Dataset below:

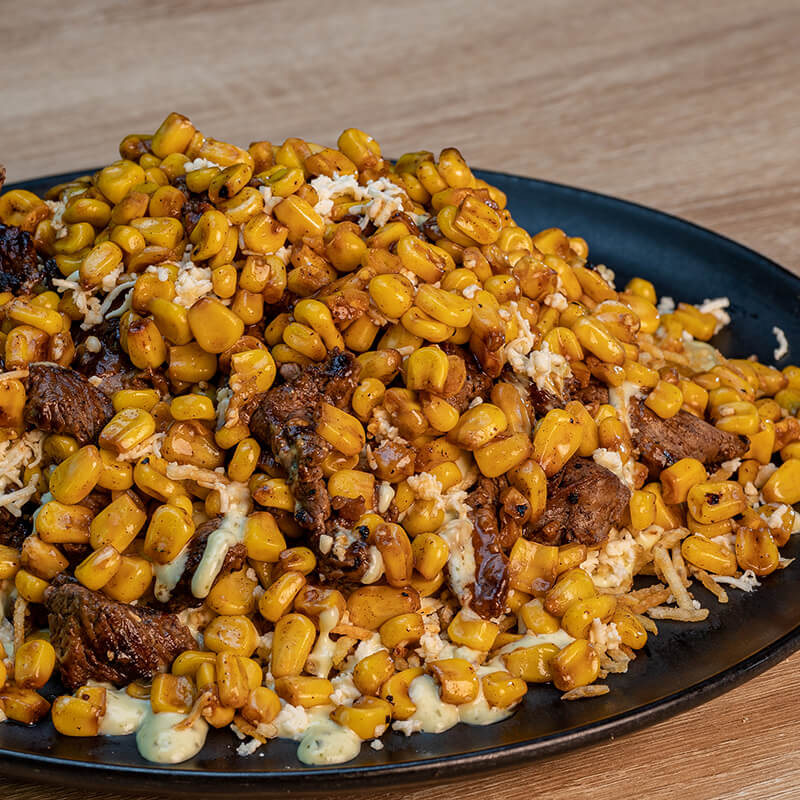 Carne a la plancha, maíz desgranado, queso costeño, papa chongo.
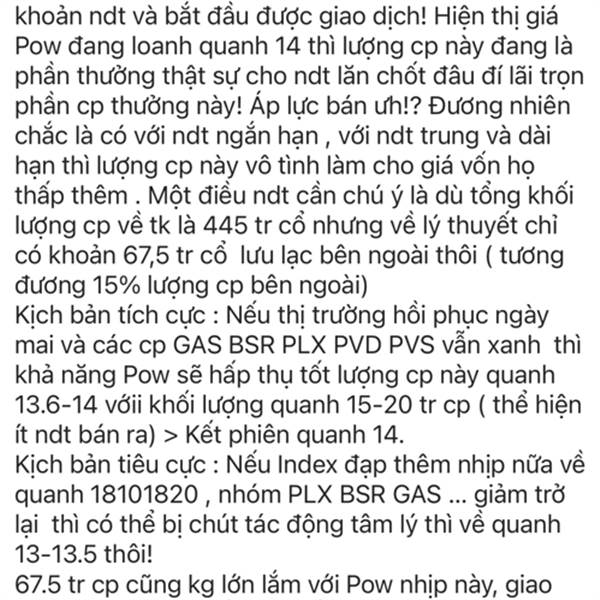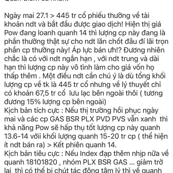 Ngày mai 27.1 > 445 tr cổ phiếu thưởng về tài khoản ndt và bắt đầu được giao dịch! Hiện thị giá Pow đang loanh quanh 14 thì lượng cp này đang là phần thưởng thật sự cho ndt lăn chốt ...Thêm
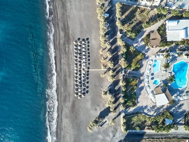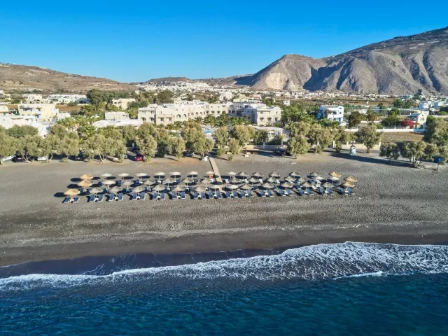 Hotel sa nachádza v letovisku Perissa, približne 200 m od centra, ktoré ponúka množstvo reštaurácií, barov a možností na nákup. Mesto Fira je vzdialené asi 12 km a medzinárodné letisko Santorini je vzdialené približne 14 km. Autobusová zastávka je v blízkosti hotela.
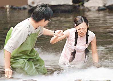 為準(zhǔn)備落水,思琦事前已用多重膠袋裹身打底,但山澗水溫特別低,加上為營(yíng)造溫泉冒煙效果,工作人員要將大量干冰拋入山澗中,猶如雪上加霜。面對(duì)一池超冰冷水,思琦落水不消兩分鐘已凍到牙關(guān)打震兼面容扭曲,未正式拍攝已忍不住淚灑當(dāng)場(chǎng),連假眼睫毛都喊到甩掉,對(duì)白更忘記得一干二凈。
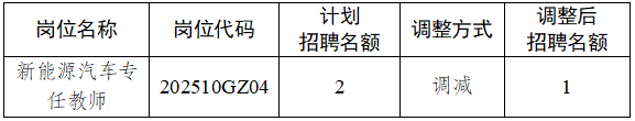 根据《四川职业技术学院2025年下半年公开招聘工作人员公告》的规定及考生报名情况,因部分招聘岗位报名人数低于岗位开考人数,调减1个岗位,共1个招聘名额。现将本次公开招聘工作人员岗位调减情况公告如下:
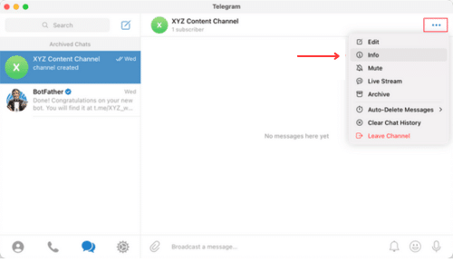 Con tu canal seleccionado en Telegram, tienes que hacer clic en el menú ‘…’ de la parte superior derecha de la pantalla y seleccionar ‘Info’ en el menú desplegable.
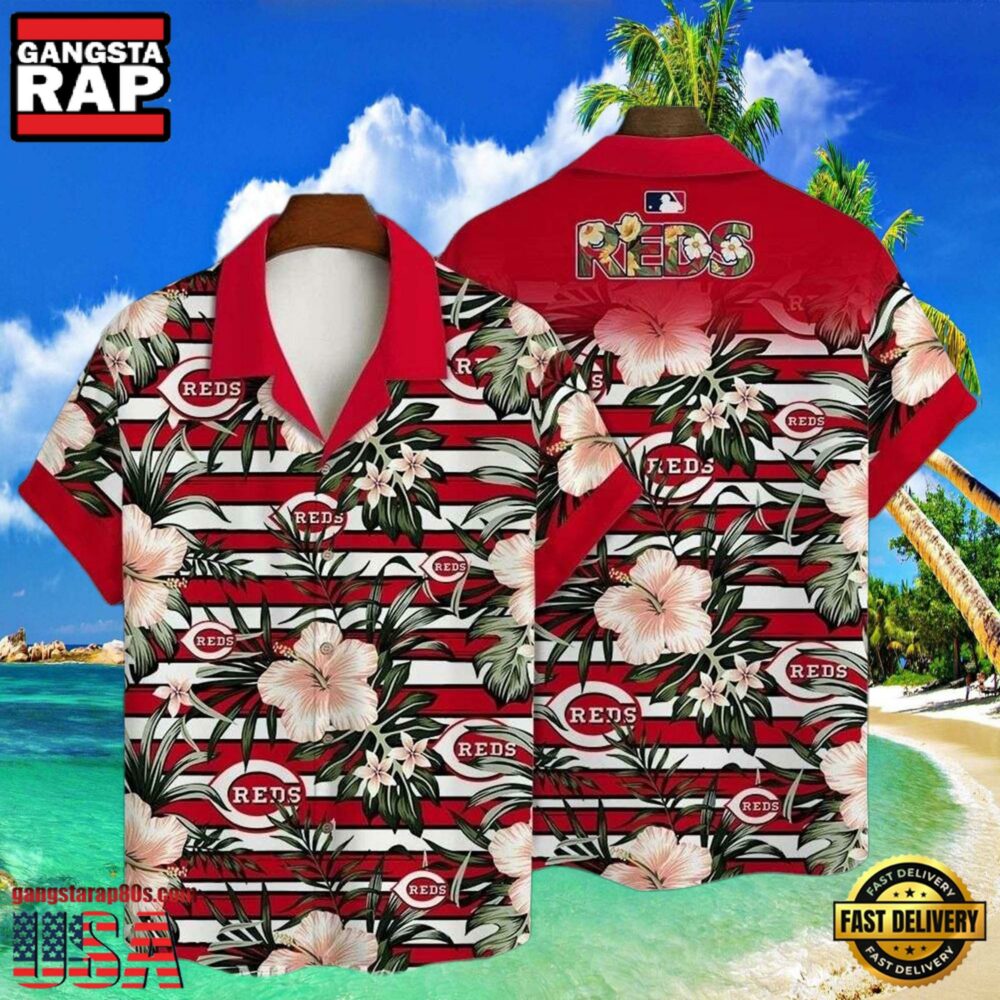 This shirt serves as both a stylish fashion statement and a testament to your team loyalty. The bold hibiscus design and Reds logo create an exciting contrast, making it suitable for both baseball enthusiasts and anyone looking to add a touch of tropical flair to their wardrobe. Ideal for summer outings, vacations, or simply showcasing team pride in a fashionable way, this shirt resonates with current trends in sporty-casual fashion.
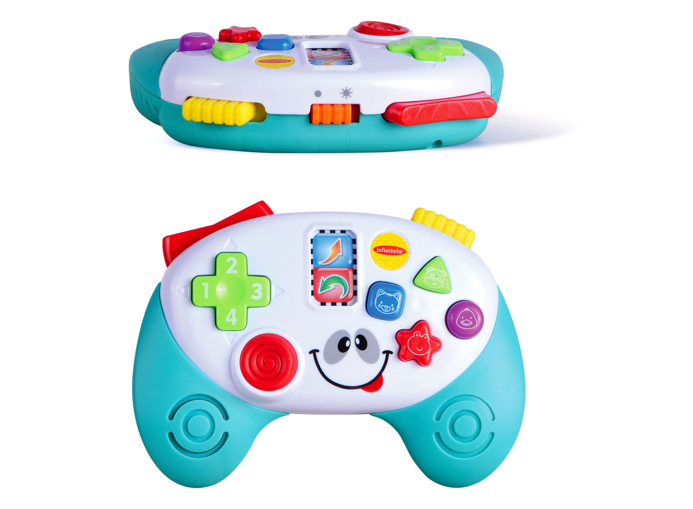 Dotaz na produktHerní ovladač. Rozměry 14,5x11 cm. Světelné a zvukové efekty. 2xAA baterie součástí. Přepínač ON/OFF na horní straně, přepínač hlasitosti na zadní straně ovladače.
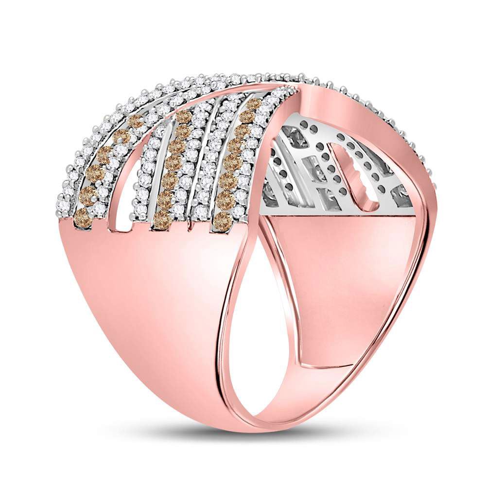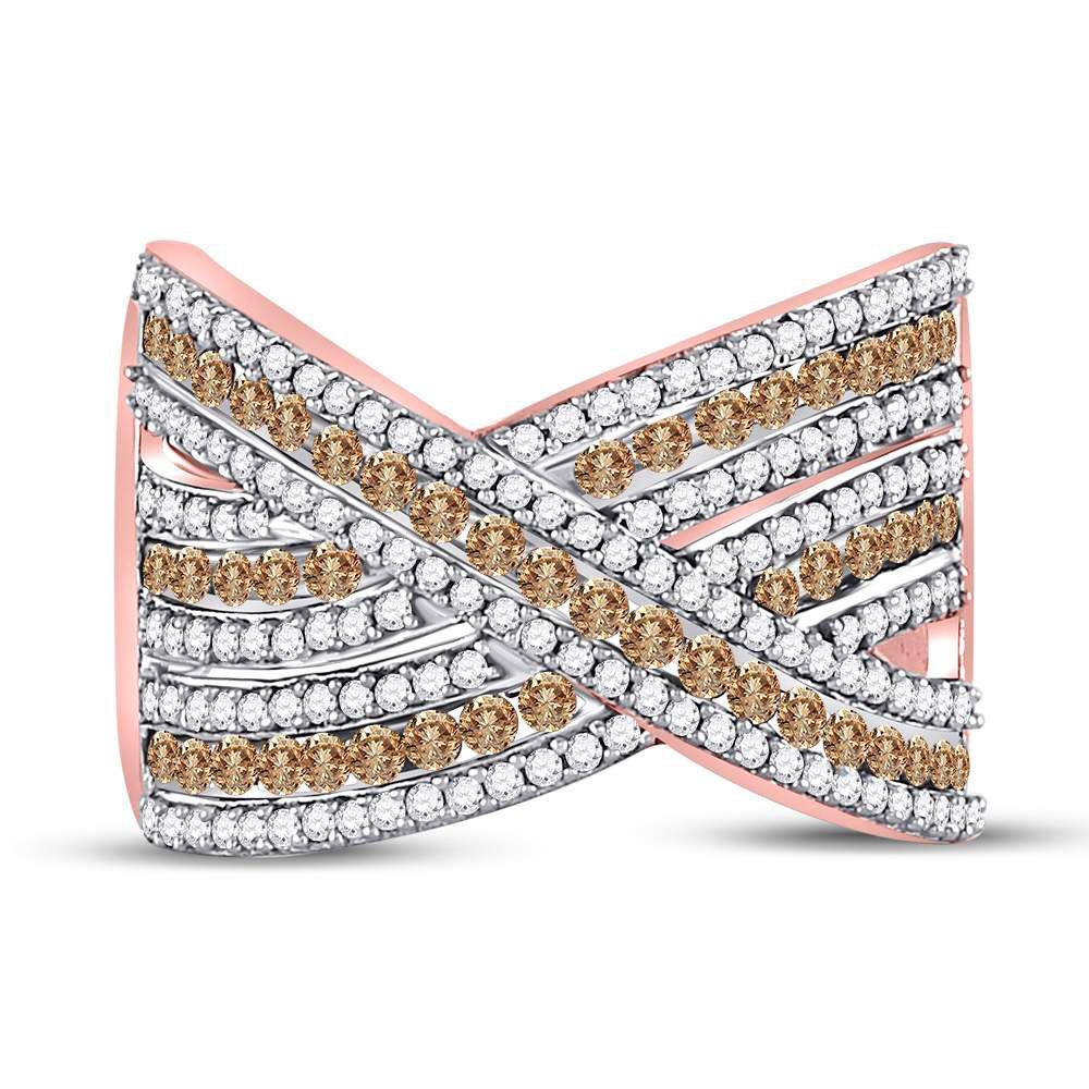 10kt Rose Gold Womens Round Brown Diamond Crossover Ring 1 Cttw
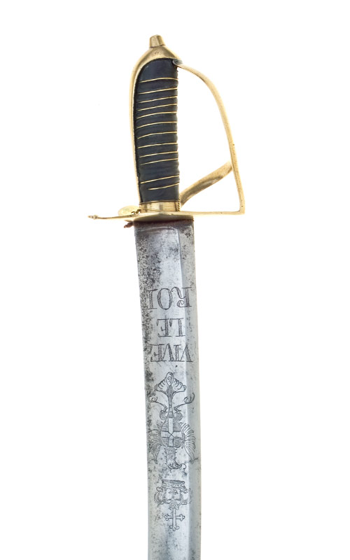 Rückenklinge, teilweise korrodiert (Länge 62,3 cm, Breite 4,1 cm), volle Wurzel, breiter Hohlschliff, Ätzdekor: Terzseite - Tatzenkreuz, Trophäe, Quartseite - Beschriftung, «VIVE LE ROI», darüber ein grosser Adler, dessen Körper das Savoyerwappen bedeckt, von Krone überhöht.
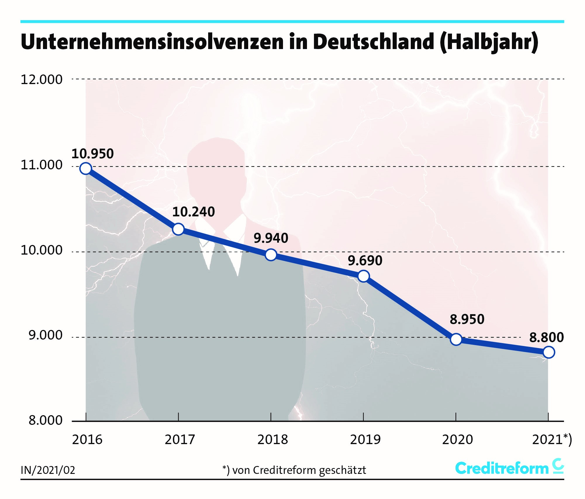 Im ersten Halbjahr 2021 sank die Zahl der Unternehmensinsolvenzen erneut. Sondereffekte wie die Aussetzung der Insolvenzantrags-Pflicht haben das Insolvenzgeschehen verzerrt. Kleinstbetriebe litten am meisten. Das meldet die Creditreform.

End of Dataset.

Exercise brief: Would you please reproduce the entries above, starting at the line with "為準(zhǔn)備落水,思琦" and stopping after the line with "根据《四川职业技术学院202"? Omit any pictures.

Solution to the exercise:
 為準(zhǔn)備落水,思琦事前已用多重膠袋裹身打底,但山澗水溫特別低,加上為營(yíng)造溫泉冒煙效果,工作人員要將大量干冰拋入山澗中,猶如雪上加霜。面對(duì)一池超冰冷水,思琦落水不消兩分鐘已凍到牙關(guān)打震兼面容扭曲,未正式拍攝已忍不住淚灑當(dāng)場(chǎng),連假眼睫毛都喊到甩掉,對(duì)白更忘記得一干二凈。
 根据《四川职业技术学院2025年下半年公开招聘工作人员公告》的规定及考生报名情况,因部分招聘岗位报名人数低于岗位开考人数,调减1个岗位,共1个招聘名额。现将本次公开招聘工作人员岗位调减情况公告如下:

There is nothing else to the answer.